Task item :: Produce an exact copy of all the data below, dropping every image.

───── Information supplied

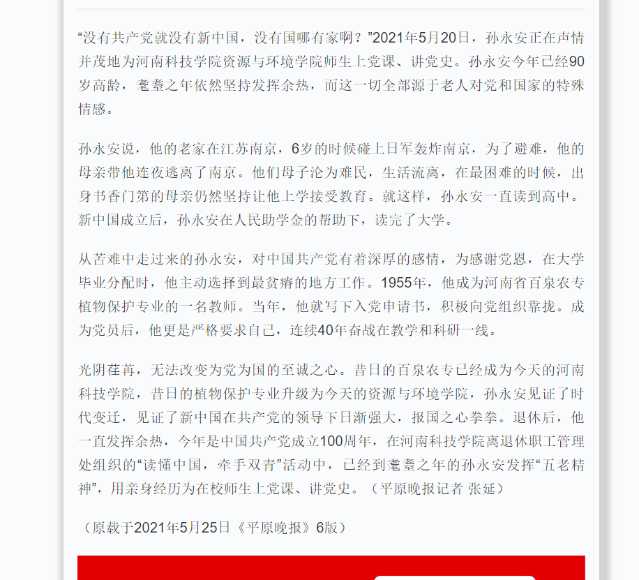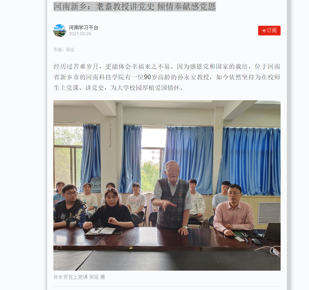 近日,【学习强国】平台以“耄耋教授讲党史 倾情奉献感党恩”为题,报道我校资源与环境学院(原植保系)原主任、退休教授孙永安老师为我校师生讲党课的事迹。
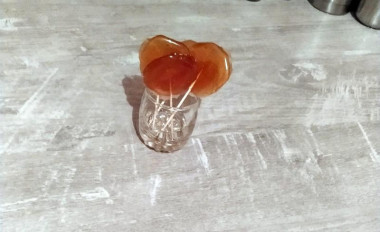 Дайте карамели немного повариться, она будет бурно кипеть и чуть пожелтеет. Это будет сигналом сделать пробу. Для этого окуните деревянную палочку на секунду в кипящий сироп, выньте и сразу опустите в холодную воду. Опустив палочку в воду, быстро поболтайте ее в воде, чтобы остудить карамель.
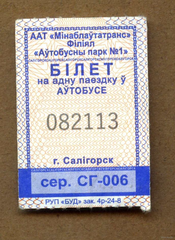 Солигорск. Талон на проезд в городском транспорте. Продается кондуктором. Серия СГ-006

──────────

Output for this task ::
 近日,【学习强国】平台以“耄耋教授讲党史 倾情奉献感党恩”为题,报道我校资源与环境学院(原植保系)原主任、退休教授孙永安老师为我校师生讲党课的事迹。
 Дайте карамели немного повариться, она будет бурно кипеть и чуть пожелтеет. Это будет сигналом сделать пробу. Для этого окуните деревянную палочку на секунду в кипящий сироп, выньте и сразу опустите в холодную воду. Опустив палочку в воду, быстро поболтайте ее в воде, чтобы остудить карамель.
 Солигорск. Талон на проезд в городском транспорте. Продается кондуктором. Серия СГ-006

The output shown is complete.